In the UKPDS Cohort, a randomized, non-blinded study of 5,102 adults aged 25-65 years with new onset T2D which investigated intensive blood glucose and blood pressure management on the progression of vascular complications in T2D from 1977 to 1997, the prevalence of microalbuminuria rose from 7.3% at diabetes diagnosis to 17.3% at 5 years, 24.9% at 10 years, and 28.0% at 15 years post-diagnosis ⁴². Microalbuminuria was found to transition to macroalbuminuria at a rate of 2.8% per year and then to kidney failure at a rate of 2.3% per year, with a loss of GFR occurring more rapidly in the setting of greater urine albumin excretion ⁴². Notably, both the Restoring Insulin Secretion (RISE) consortium, a study evaluating approaches to maintaining insulin secretion in children and adults with either prediabetes or newly-diagnosed T2D, and Treatment Options for type 2 Diabetes in Adolescents and Youth (TODAY) study demonstrated a more aggressive phenotypic pattern of dysglycemia and loss of β-cell function in youth vs. adult-onset T2D ^6,7. This also translated to important differences in kidney physiology in youth and adult-onset T2D. Indeed, in the TODAY cohort of individuals with youth-onset T2D, the prevalence of elevations in urine albumin excretion increased from 6.3% at baseline to 16.6% at 3.9 years follow up and 18% at 5 years follow up ^12,43. Rates of progression of DKD in youth-onset T2D, as evidenced by a higher cumulative prevalence of microalbuminuria, were significantly higher than those seen in both adult-onset T2D and adult-onset T1D ⁴⁴.

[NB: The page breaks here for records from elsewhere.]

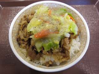 またまた期間限定の春キャベツ牛丼\380なるものが出たというので、食べてみました。茹でた春キャベツに塩ダレで味付けをして、その上に黒胡椒をまぶしたものが牛丼の上に載っています。運ばれた時から黒胡椒の香りが漂い、いい感じです。まずは春キャベツに箸をつけると、甘みの中にいい塩梅の味付けがされています。シャキシャキ感もいいですね。今までになかった牛丼ですね。 (12.3) |
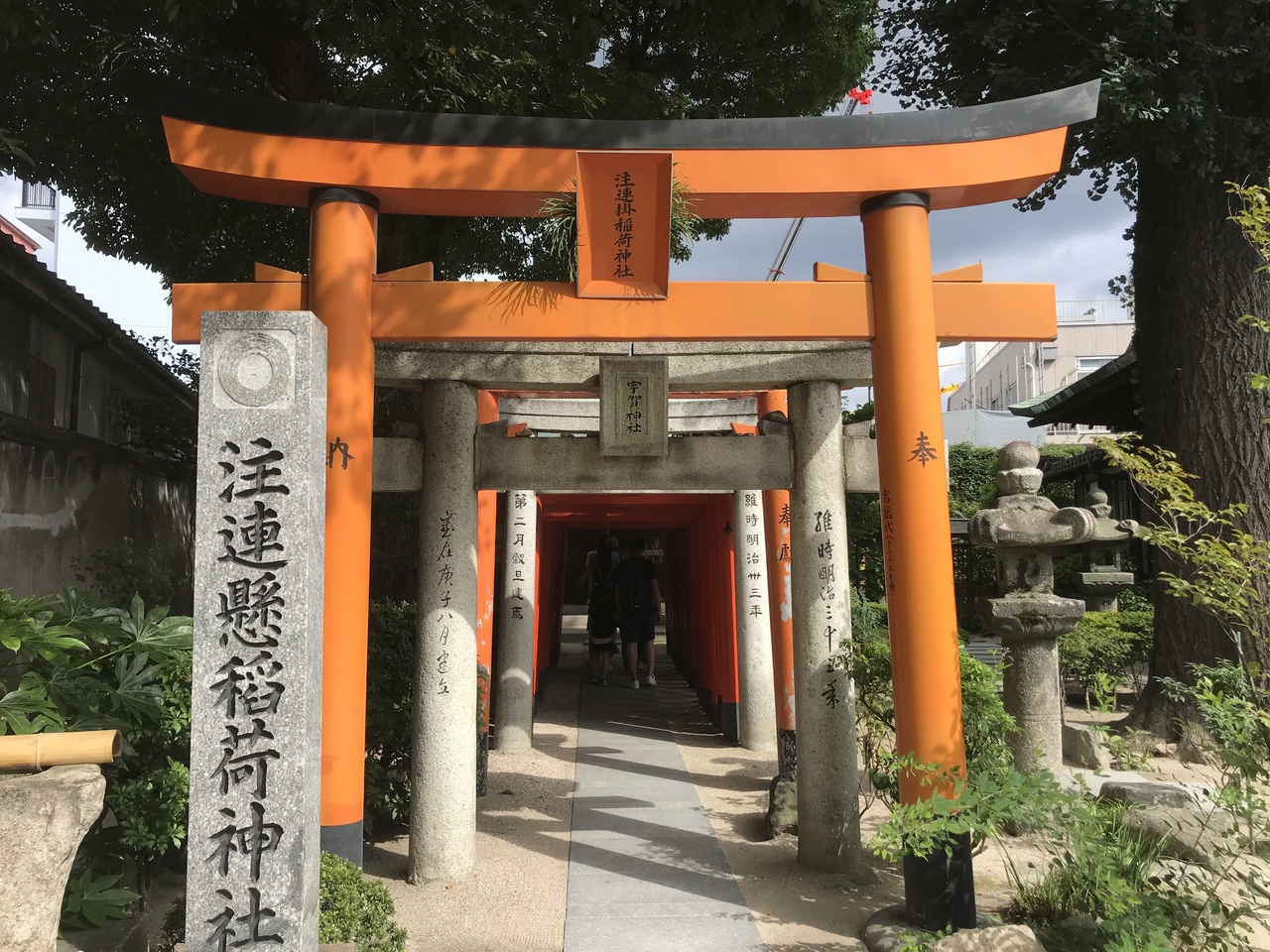 櫛田神社の裏手にあるお稲荷さんです。小さな社殿まで赤い鳥居が無数に並んでいます。別名あしどめ稲荷と呼ばれているとかで、お店の前でお客さんが足を止める商売繁盛の神様として信仰されているようです。
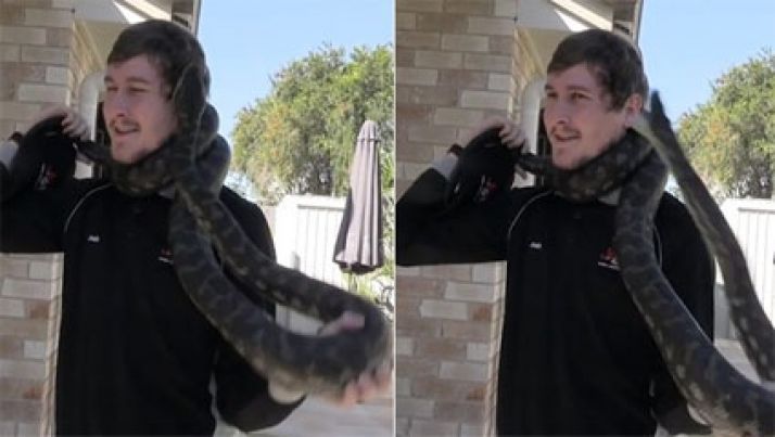Homem é surpreendido com picada de cobra enquanto ela se enrosca em seu pescoço; veja

Of note, adults with T2D also experience a higher rate of regression of microalbuminuria to normalbuminuria than similar populations of youth with T2D. Araki et al. demonstrated a 51% rate of remission and a 54% rate of regression of elevated urine albumin excretion over a 6 year follow up period in a population of 216 Japanese adults with type 2 diabetes and microalbuminuria ⁴⁵. For comparison, Kyung Son et al. demonstrated a 37.5% rate of regression and a 20% rate of progression of microalbuminuria in a small pilot study of 18 adolescents with T2D ⁴⁶. In the adults, multiple important factors were associated with increased rates of remission of microalbuminuria including shorter duration of microalbuminuria, use of renin-angiotensin aldosterone system blockade, lower hemoglobin A1c, and lower systolic blood pressure ⁴⁵, elements that all warrant future consideration for optimization in youth and adults with T2D to help mitigate DKD progression.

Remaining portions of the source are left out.